- DATA RECORDS -
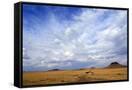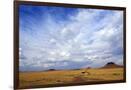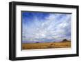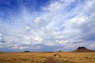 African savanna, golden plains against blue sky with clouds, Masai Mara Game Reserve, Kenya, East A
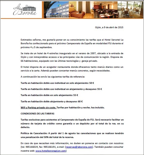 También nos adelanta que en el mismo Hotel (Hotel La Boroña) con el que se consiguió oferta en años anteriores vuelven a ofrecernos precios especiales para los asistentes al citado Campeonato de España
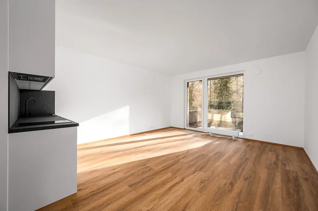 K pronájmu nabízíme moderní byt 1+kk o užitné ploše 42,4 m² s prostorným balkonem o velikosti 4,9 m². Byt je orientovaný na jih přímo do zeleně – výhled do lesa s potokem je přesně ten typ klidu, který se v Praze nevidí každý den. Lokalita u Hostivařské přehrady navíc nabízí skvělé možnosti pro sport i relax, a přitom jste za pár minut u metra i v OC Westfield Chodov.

==

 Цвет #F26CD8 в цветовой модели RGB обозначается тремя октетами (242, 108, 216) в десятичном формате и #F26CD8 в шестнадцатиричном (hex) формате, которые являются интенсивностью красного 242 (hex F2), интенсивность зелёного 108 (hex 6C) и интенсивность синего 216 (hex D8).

- YOUR INSTRUCTIONS -
Leave out every picture, and copy exactly the lines above starting at the one holding "African savanna, golden" and ending at the one holding "K pronájmu nabízíme", no more and no less.

- PROBLEM SOLUTION -
 African savanna, golden plains against blue sky with clouds, Masai Mara Game Reserve, Kenya, East A
 También nos adelanta que en el mismo Hotel (Hotel La Boroña) con el que se consiguió oferta en años anteriores vuelven a ofrecernos precios especiales para los asistentes al citado Campeonato de España
 K pronájmu nabízíme moderní byt 1+kk o užitné ploše 42,4 m² s prostorným balkonem o velikosti 4,9 m². Byt je orientovaný na jih přímo do zeleně – výhled do lesa s potokem je přesně ten typ klidu, který se v Praze nevidí každý den. Lokalita u Hostivařské přehrady navíc nabízí skvělé možnosti pro sport i relax, a přitom jste za pár minut u metra i v OC Westfield Chodov.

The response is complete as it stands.